Der Fall William W.* (46) lässt an der Justiz zweifeln: Der Pädophile mit kolumbianischen Wurzeln verging sich seit den 90er-Jahren immer wieder an Kindern. Und kam trotzdem immer wieder auf freien Fuss. Letztes Jahr soll er sich dann an einem Achtjährigen vergriffen haben.

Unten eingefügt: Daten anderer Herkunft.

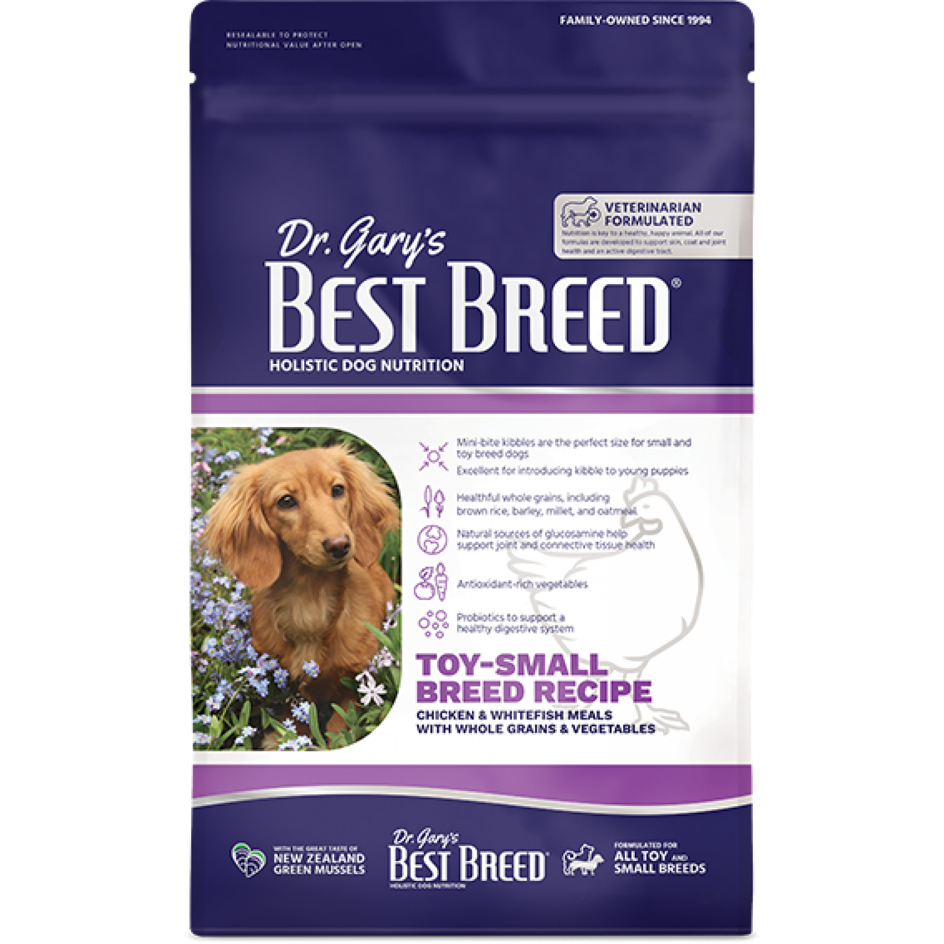 Holistic blend of chicken, fish, whole grains and vegetables that is perfect for all toy and small breed dogs.

Die Regierung des Kantons Solothurn liess extern abklären, warum der Wiederholungstäter wieder in Freiheit gelangen konnte. Die Resultate wurden am Montag an einer Pressekonferenz öffentlich gemacht. Sie lösen bei einem früheren Opfer von W. Kopfschütteln aus.
Gutes Zeugnis für die Solothurner Behörden
Die Regierung habe von unabhängigen Experten ein «gutes Zeugnis» im Fall William W. bekommen, heisst es in der Zusammenfassung der Staatskanzlei. Ein Persilschein für den Solothurner Justizvorsteher Roland Fürst (CVP) und die Innendepartements-Vorsteherin Susanne Schaffner (SP), die sich an der Pressekonferenz nur selten zu Wort meldeten.

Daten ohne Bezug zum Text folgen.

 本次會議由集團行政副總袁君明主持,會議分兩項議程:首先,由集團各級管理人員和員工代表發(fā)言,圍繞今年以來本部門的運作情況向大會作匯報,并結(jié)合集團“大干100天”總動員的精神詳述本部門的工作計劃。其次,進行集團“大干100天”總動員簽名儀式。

Selina S.* (21) würde dieses «gute Zeugnis» nicht unterschreiben. Die heute 21-Jährige wurde als Kind Opfer von William W. Sie sagt: «Dieser Bericht ist eine Schande!» Selina S. hat jetzt nur noch einen Wunsch: «Dass W. lebenslänglich verwahrt wird. Und wenn nicht, dann ist den Behörden nicht mehr zu helfen.»
Wie konnte der Wiederholungstäter in Freiheit kommen?
Joe Keel, Sekretär des Ostschweizer Strafvollzugskonkordats, hat den Bericht mitverfasst. Und muss erklären: Wenn alle ihren Job «gut» erledigten, wie konnte es dann zu einem neuen mutmasslichen Übergriff kommen?
Vor allem im Bundesrecht gebe es Schwachstellen im rechtlichen Rahmen, so Keel. Auch die Aufteilung der Kompetenzen sei nicht gut.
Konkret: William W. hat das System übertölpelt. Man habe damals entscheiden müssen, ob man eine Verlängerung der stationären Massnahme in einer Anstalt oder die Verwahrung forcieren wolle, beschreibt Keel das Dilemma. Weil W. zu diesem Zeitpunkt Fortschritte zeigte, sei eine Verwahrung nicht haltbar gewesen. Denn nur wer nicht therapierbar ist, darf verwahrt werden.
«Ja, das ist eine Lücke. Ja, das lässt einen ratlos zurück»
Also habe man auf die Verlängerung der Massnahme gesetzt. Aber weil W. da bereits nicht mehr kooperierte, musste er auf freien Fuss gesetzt werden. Eine Massnahme muss bei Aussichtslosigkeit abgebrochen werden.
Absurd: Weil eine Verwahrung zu diesem Zeitpunkt bereits vom Tisch war, gab es kein Zurück mehr! Es sei also gar nichts anderes möglich gewesen, als W. aus der geschlossenen Anstalt zu entlassen. «Das ist eine Lücke», sagte selbst Experte Keel.
Eine Änderung der Gesetze sei auf Bundesebene bereits angestossen worden. Wann und ob diese in Kraft tritt, ist unklar.